While the percent of cases requiring hospitalization appears to be lower than in earlier waves, the massive number of cases means that our medical system is already being stressed. Hospitals in particular are overwhelmed. Whatever we can do to protect our hospital, ambulance, and other infrastructure right now is essential.

“There’s a good chance that this is the week when the health care system in the US breaks, and most people (outside of those working in health care) don’t seem terribly concerned,” Jon Levy, chair of Boston University’s School of Public Health Environmental Health Department, said on Twitter.

It’s time for us to step up and do our part.
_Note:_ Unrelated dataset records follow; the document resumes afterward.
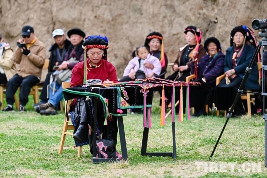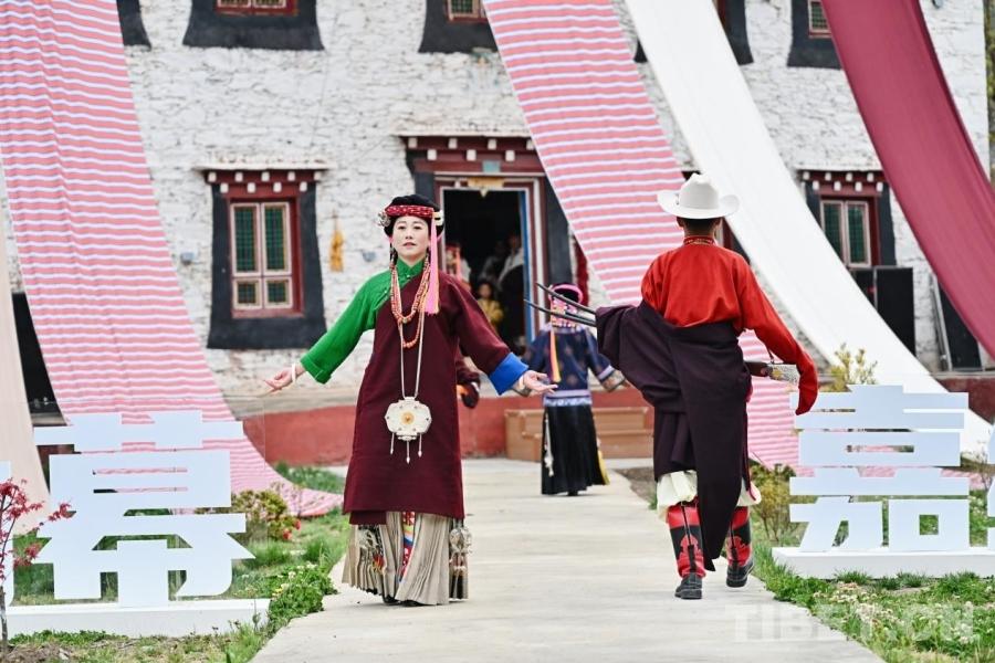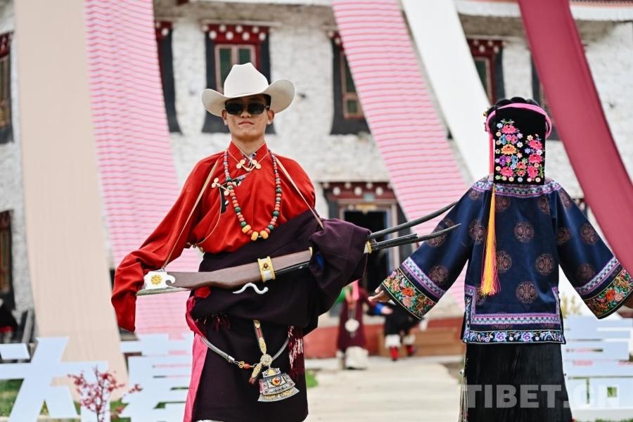 伴隨著輕快的嘉絨山歌,身著傳統(tǒng)嘉絨藏裝的當(dāng)?shù)卮迕窨羁钭邅?。姑娘頭戴造型別致的嘉絨頭飾,身著色彩斑斕的百褶裙,裙擺隨著步伐輕輕搖曳;小伙則身穿長袍,腰系紅綢帶,頭戴白色氈帽,盡顯英武之氣。
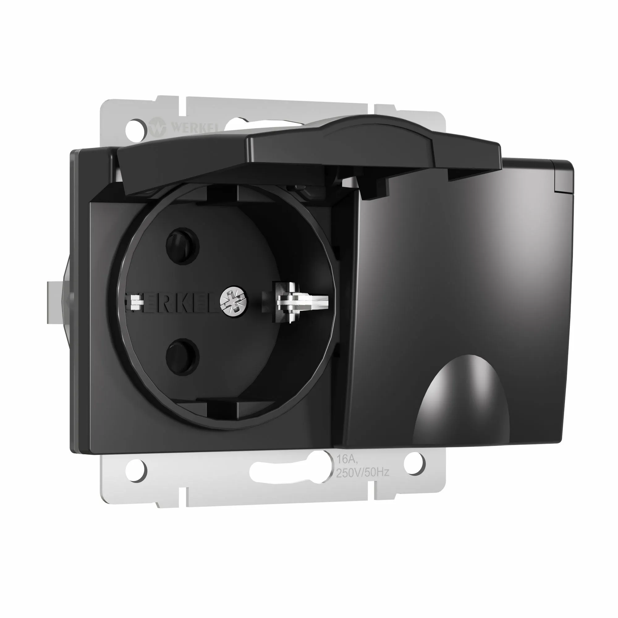 Обеспечьте надёжное и безопасное подключение электроприборов в помещениях с повышенной влажностью с влагозащищённой розеткой в цвете черный матовый от Werkel. Это современное электроустановочное изделие с защитной крышкой и шторками идеально подходит для установки в ванных комнатах, на кухнях, балконах, террасах и в частных домах.
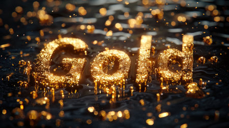 Immerse in opulence with gold in dripping gold text against a black backdrop, epitomizing luxury and elegance.
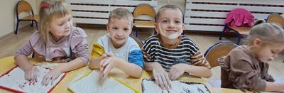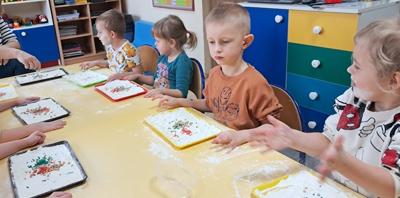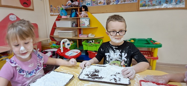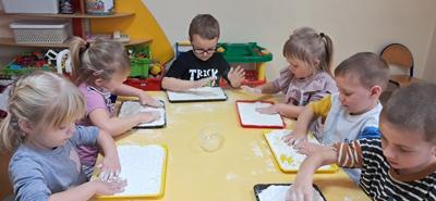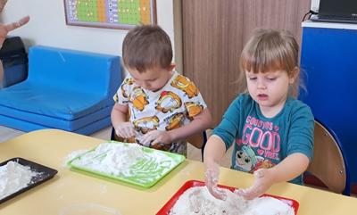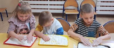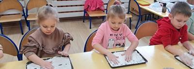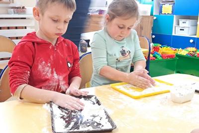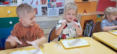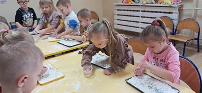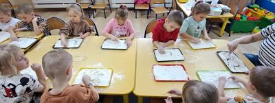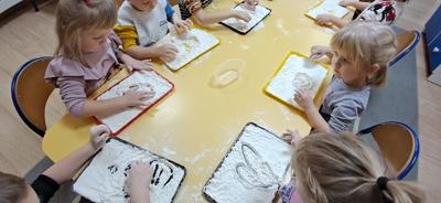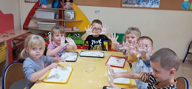 W środę 19 lutego Pszczółki realizowały V zadanie w ramach Ogólnopolskiego Projektu Edukacyjnego – Gramy zmysłami. Tym razem przedszkolaki rozwijały zmysł dotyku w „Brudnym zadaniu”. Dzieci wspaniale bawiły i brudziły się mąką, którą ugniatały, przesypywały, rysowały na niej i wybierały z niej kolorowe kuleczki. Zabaw była przednia co widać na załączonych zdjęciach.
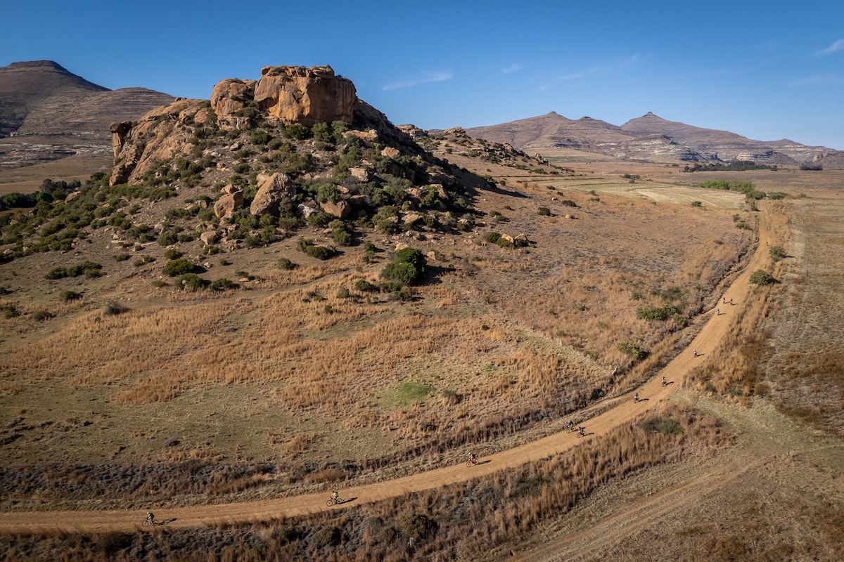 At the top of the climb there is a great spot to stop. You can look back at the Maluti Mountains and see what you’ve achieved on the stage. Looking ahead, you’re met with the most unexpected sight: the “Sea of The Free State” – Sterkfontein Dam: South Africa’s largest earth-filled dam. We were lucky enough to ride along the kilometers-long dam wall too. And before that, Mount Paul is not only a climb. There is also a fun, fast open single track descent which is a real test of skill to handle at speed.
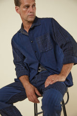 PATCHWORK MATTY OVERSHIRT iron/indigo
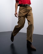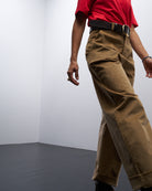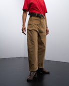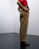 Piuttosto ampio sulla gamba, che va stringendosi alla caviglia, con una silhouette baggy e il cavallo basso.

“Forget anything you’ve heard about Omicron being ‘mild.’ It is HORRIFIC how it is ravaging our society and our hospitals and our health care workers,” wrote Dr. Robin Schoenthaler, a doctor at Mass General who’s been chronicling Covid-19 regularly since March 2020. “Please do everything you can to not get Omicron this month.”

While most vaccinated and boosted people are well protected against serious illness from Omicron, most is not all. We must think about protecting our seniors and others among us who are still at high risk such as cancer patients and organ transplant recipients — and our neighbors who have such medically vulnerable people in their households. We not only need to protect service workers and others who themselves are at high risk but those who live with people at high risk. We must make a safer environment for the elderly and medically vulnerable during this unprecedented surge. And we must protect our hospital infrastructure for all who need it.

We also should safeguard children too young to be vaccinated or boosted, and the vast majority of our residents who are not yet protected by boosters.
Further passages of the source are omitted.